Положим, к примеру, что '88 + 57' действие, которого я до этого момента никогда не производил. Хотя при этом в прошлом я производил пусть даже про себя (оставим проблему моего наблюдаемого поведения) лишь конечное число действий, такой пример с очевидностью существует. Фактически эта самая конечность и гарантирует существование примера, превосходившего бы все ранние вычисления. Я буду исходить из предположения, что в изложении, следующем ниже, '68 + 57' удовлетворяет этому.
Я произвожу это вычисление, получая в качестве результата, естественно, '125'. Я уверен, возможно, после проверки, что это правильный ответ. Он правилен как в арифметическом смысле, в котором 125 является суммой от сложения 68 и 57, так и в металингвистическом, в котором 'плюс' в том смысле, в каком это слово употреблялось мной в прошлом, обозначает функцию, которая будучи применена к числам '68' и '57', приобретает значение '125'.
Теперь представим, что я столкнулся с эксцентричным скептиком, кото ставит под сомнение достоверность моего ответа в том смысле, который я назвал 'металингвистическим'. Возможно, предполагает он, что то, каким образом я употреблял термин 'плюс' в прошлом, должно в качестве ответа, который подразумевается мною для '68 + 57', давать '5'. Конечно, это предположение скептика совершенно очевидно является безумным. Правильным ответом на такое предположение был бы совет пойти в школу и поучиться считать. Тем не менее дадим ему возможность продолжить. В конце концов, говорит он, если я так уверен, что в то время как я использовал символ ' + ', в мои намерения входило, что '68 + 57' будет обязательно обозначать 125, то это не потому, что я эксплицитно дал себе указание на то, что 125 есть результат сложения в этом частном случае. Положим, что это так. Но идея, конечно, состоит в том, что в этом новом случае я применяю ту же самую функцию или правило, что я применял много раз до этого в прошлом. Но кто может сказать, что это была за функция? В прошлом я применял лишь конечное число примеров использования этой функции.
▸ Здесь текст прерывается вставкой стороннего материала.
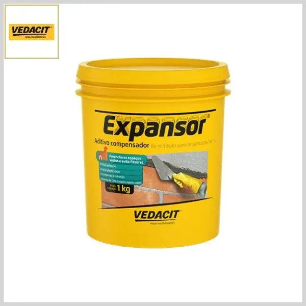 Expansor é um aditivo compensador de retração para argamassas secas. Sua ação compensa e impede a retração natural das argamassas, evitando fissuras. Preenche totalmente os espaços vazios, o que facilita sua aplicação em frestas e locais confinados.
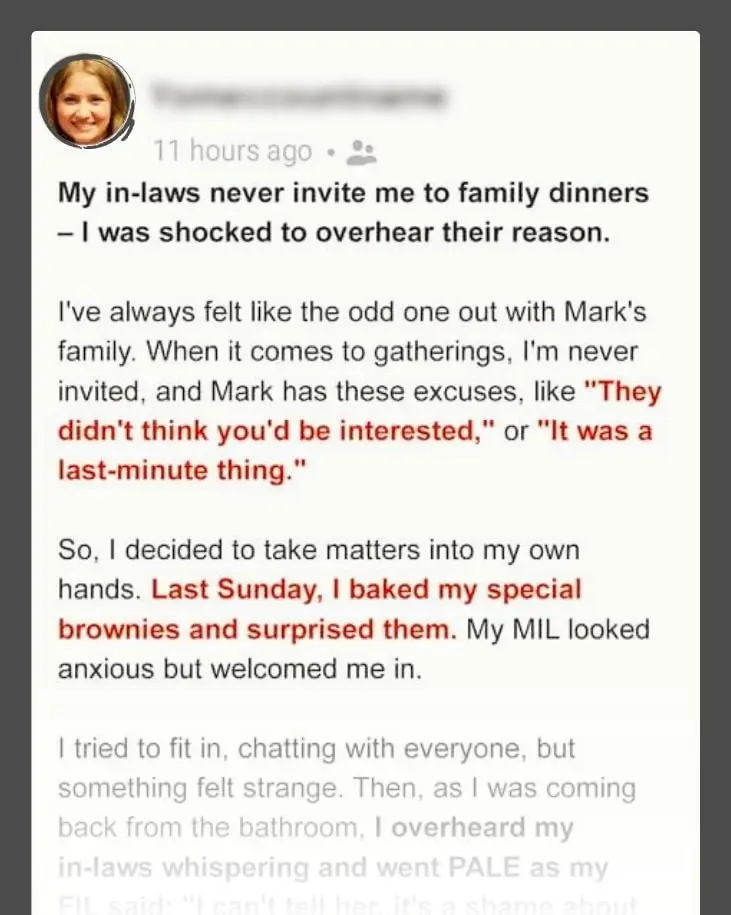 Ever since marrying Mark, I’ve felt like a stranger to his family. His parents, the Harrisons, hold regular family dinners that I’m seldom invited to.
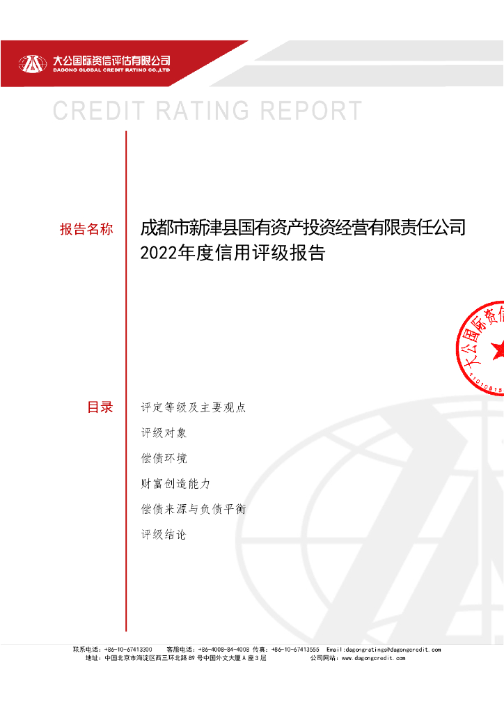 大公:成都市新津县国有资产投资经营有限责任公司2022年度信用评级报告.pdf
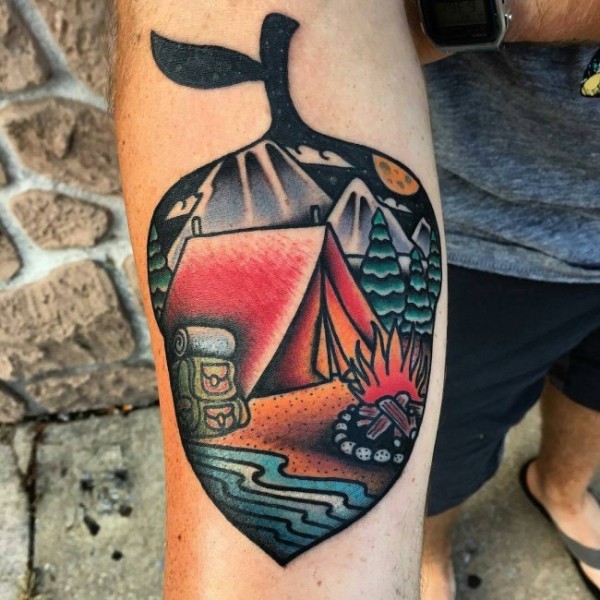 手臂彩色叶子形状的夜间露营风景纹身
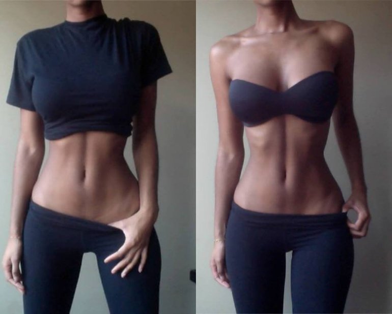 Екатерина: Чтобы добиться тонкой талии, совсем не нужно выполнять по 1000 упражнений на пресс, а уж тем более пытаться накачать косые мышцы живота. Это ошибка многих девушек в спортзале - взять диск весом пять килограммов, боком встать в тренажёр «наклонная гиперэкстензия» и выполнять наклоны в бок, надеясь, что талия станет уже. Совсем наоборот, ваши косые мышцы живота станут объёмнее, что в свою очередь визуально сделает талию шире.
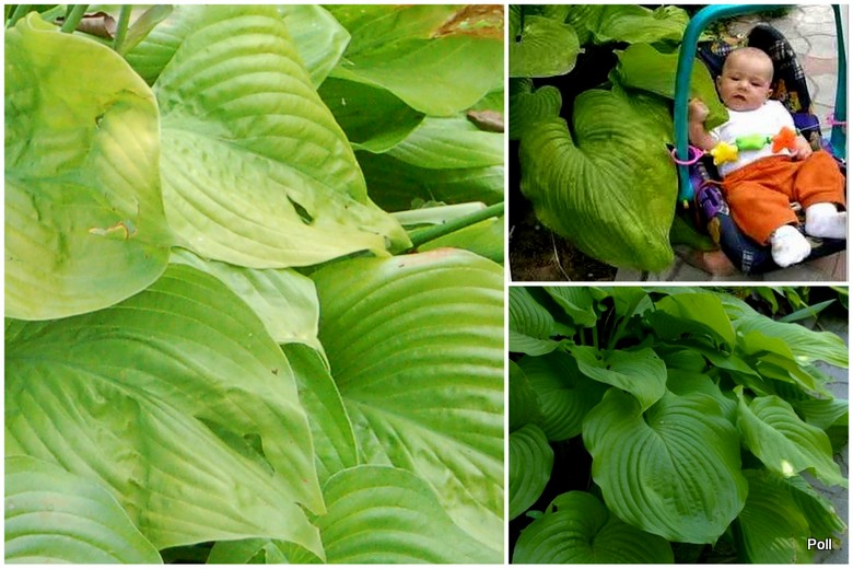 Pierwsze jej zdjęcie, jakie mam , to fotka z moja wnuczka Jagusia, która w styczniu skończyła 9 lat :woohoo: :woohoo: Ustawiłam fotelik, aby było widać, jak wielkie mogą być liście tej hosty.

Все они, положим, включали числа, меньшие, чем 57. Итак, возможно, что в прошлом я употреблял 'плюс' и ' + ' для обозначения функции, которую я буду называть 'квус' и обозначать символом $. Она определяется так:
x $ Y = x + у, если х, у < 57 = 5 и другие
Кто скажет, что это не та функция, которую я до этого подразумевал под ' + '? Скептик же утверждает (или притворяется, что утверждает), что я неправильно интерпретирую свое собственное употребление в прошлом. Под 'плюсом' я всегда, как он говорит, подразумевал квус [Kripke 1982: 73].
Все, что здесь говорится, каким бы фантастичным оно ни казалось, на самом деле является вполне реалистичным. Смысл витгенштейновского парадокса и его крипкеанской трактовки мы понимаем следующим образом: никогда нельзя до конца доверять личным ощущениям, они могут подвести. Каждое утверждение — лишь предположение, любой приказ может быть невыполнен, любое обещание нарушено. Такова природа человеческого языкового общения. С этим тесно связана проблема индивидуального языка, к обзору которой мы переходим.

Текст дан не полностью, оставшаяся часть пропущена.